In this case, the assessee had a settlement with the bank as a result of which there was a waiver/reduction of loan. The assessee had shown the same amount as extraordinary item in the Profit and Loss account. While computing book profits for the purpose of section 115JB, the assessee did not consider the said waiver. However, the assessing officer included such waiver of loan and interest thereon for the purpose of computing book profits u/s. 115JB. The tribunal in this background held as under:-

“15. The Jurisdictional High Court in the case of CIT Veekaylal Investment Co P Ltd (249 ITR 597) has held that capital gains credited to profit and Loss account should be take into account in computing Book Profits.

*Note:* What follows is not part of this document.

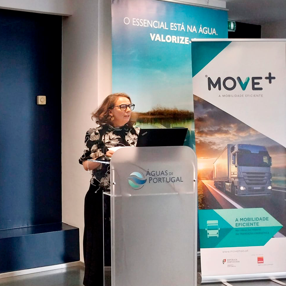 Fátima Santos, Coordenadora de Desempenho e Negócios da TIS – Consultores em Transportes, Inovação e Sistemas, mostrou a visão setorial e o caso concreto do Plano de Mobilidade Empresarial da TIS.  A Hélder Rodrigues, Coordenador de Mobilidade da ADENE, coube apresentar o MOVE+ Empresas, fazendo o seu enquadramento no MOVE+, a metodologia usada e os próximos passos.

16. The Delhi High Court in the case of CIT v Goyal M.G. Gases 2010- TIOL-91HC-DEL has held as under:

“In the present case, the assessee did not claim nor was allowed any deduction or benefit of allowance by way of allowable expenditure and trading liability, and the same being credited to the profit and loss account had been subjected to tax as part of book profit under Section 115JB of the Act. We are, therefore, of the opinion that the conclusions of the Tribunal are based on a correct appreciation of law and, therefore, do not warrant any interference by this Court.”

The High Court has approved the fact that write back of loans, though is not taxable under the normal provisions of the Act are includible for the purpose of computing Book Profits.

17. The Special bench of the Hyderabad Tribunal in the case of Rain Commodities Ltd v DCIT – (2010-TIOL-355-ITAT-HYD-SB) = (131 TTJ 514) has held that profit on sale of capital assets credited to the profit and loss account is includible in computing Book profits, notwithstanding the fact that the same is exempted under the normal provisions of the Income tax Act on account of the investment of capital gains in an approved mode.

18. In the circumstances we are of the opinion that the CIT(A) was correct in holding that starting point for determining the book profit under Section 115JB is Rs.54168537/- and in computing the book profits under Section 115JB no part of the liability of Rs.44513406/-that has ceased on account of settlement of loan liability of global trust bank can be excluded even though part of the liability may represent waiver of principal amount of loan.”

i. In this case the Tribunal has essentially relied on the following decisions:

(a) Decision of the Hyderabad Tribunal in the case of Gulf Oil Corpn. Ltd. v. Asstt. CIT [2008] 111 ITD 124 (Hyd.)

(b) Veekaylal Investment Co. (P.) Ltd. (supra)

(c) Rain Commodities Ltd. v. Dy. CIT [2010] 40 SOT 265 (Hyd.) (SB)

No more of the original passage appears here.